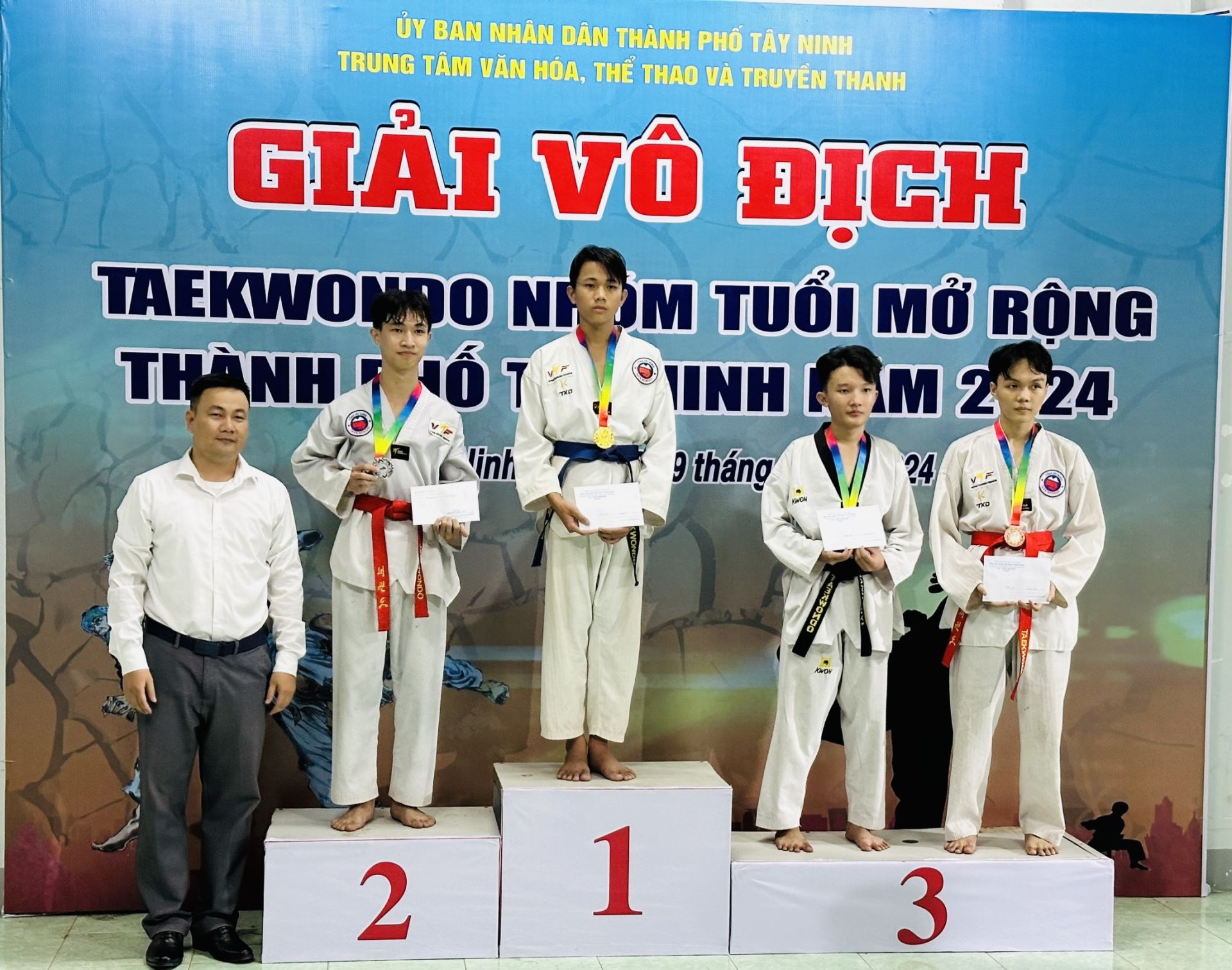 Liên đoàn Taekwondo tỉnh Tây Ninh trao giải cho các vận động viên đạt thành tích xuất sắc trong nhóm tuổi mở rộng.
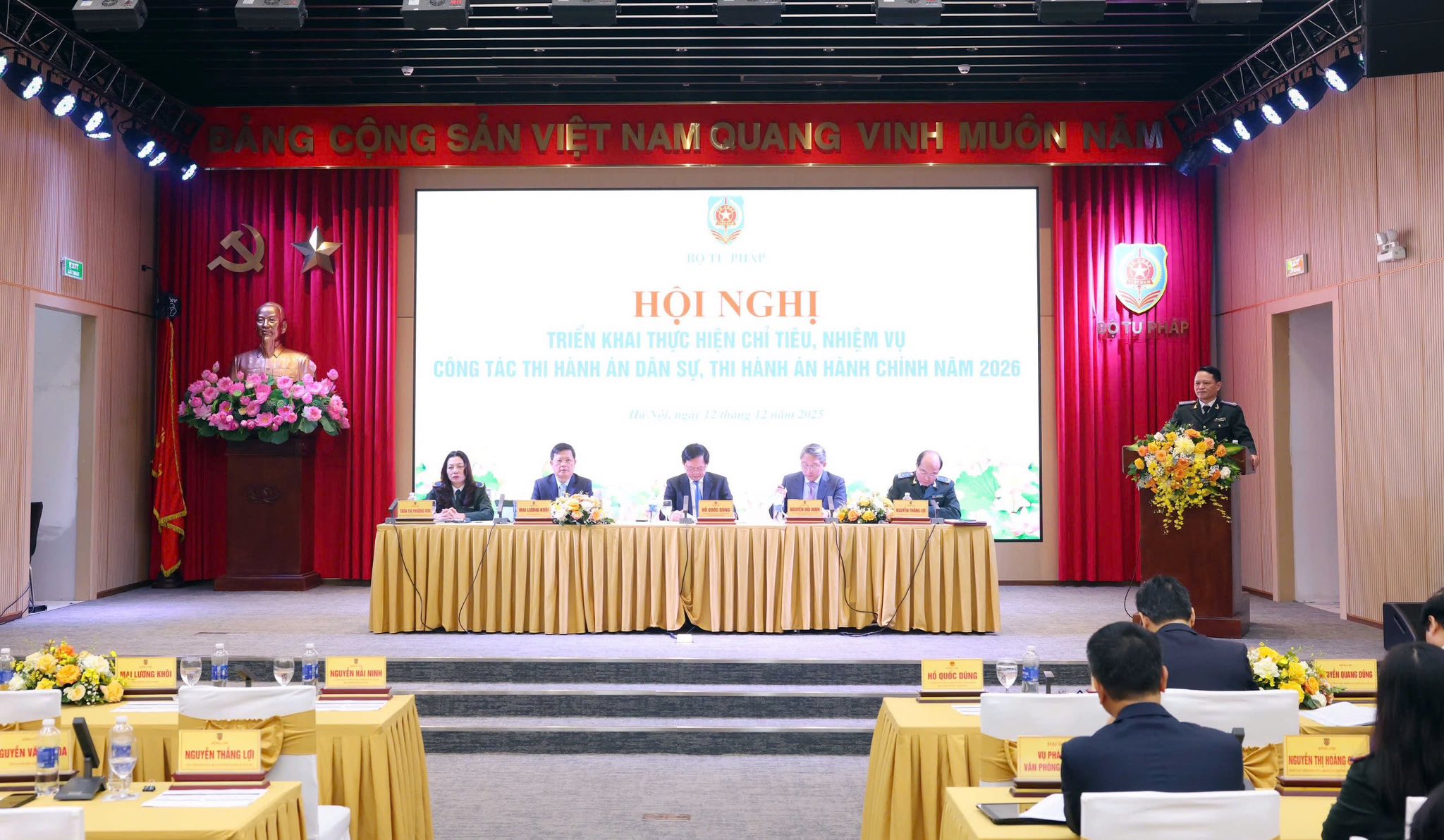 Ngày 12-12, Bộ Tư pháp tổ chức Hội nghị triển khai thực hiện chỉ tiêu, nhiệm vụ công tác thi hành án dân sự (THADS), thi hành án hành chính (THAHC) năm 2026. Phó Thủ tướng Chính phủ Hồ Quốc Dũng dự và phát biểu chỉ đạo Hội nghị.
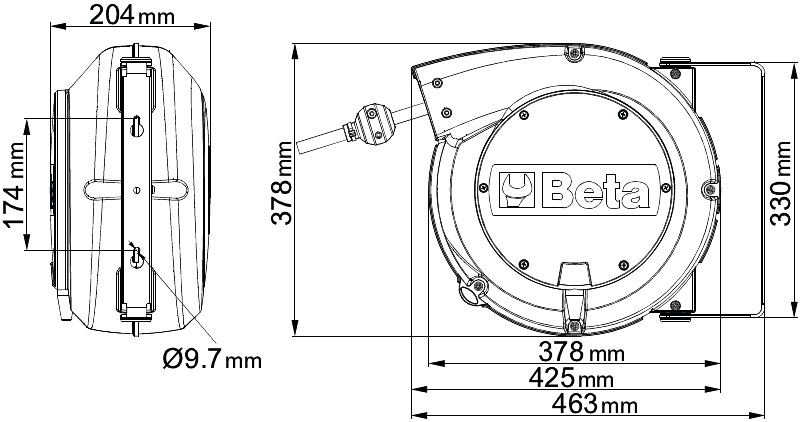 Caratteristiche:? Pressione di utilizzo massima 15 bar? Tubo in Poliuretano retinato? Struttura in Polipropilene? Dispositivo automatico di arresto del tubo alla lunghezza desiderata? Cremagliera disinseribile per tubo sempre in trazione? Temperatura di utilizzo -5?C/+50?C? Fornito con staffa orientabile di 180? e seconda staffa a incastro rapido
◆ ◆ ◆ ◆ ◆ ◆ ◆
» **PROMPT**: Make an exact copy of the data, leaving its pictures out.

» **ANSWER TO THIS PROBLEM**:
 Liên đoàn Taekwondo tỉnh Tây Ninh trao giải cho các vận động viên đạt thành tích xuất sắc trong nhóm tuổi mở rộng.
 Ngày 12-12, Bộ Tư pháp tổ chức Hội nghị triển khai thực hiện chỉ tiêu, nhiệm vụ công tác thi hành án dân sự (THADS), thi hành án hành chính (THAHC) năm 2026. Phó Thủ tướng Chính phủ Hồ Quốc Dũng dự và phát biểu chỉ đạo Hội nghị.
 Caratteristiche:? Pressione di utilizzo massima 15 bar? Tubo in Poliuretano retinato? Struttura in Polipropilene? Dispositivo automatico di arresto del tubo alla lunghezza desiderata? Cremagliera disinseribile per tubo sempre in trazione? Temperatura di utilizzo -5?C/+50?C? Fornito con staffa orientabile di 180? e seconda staffa a incastro rapido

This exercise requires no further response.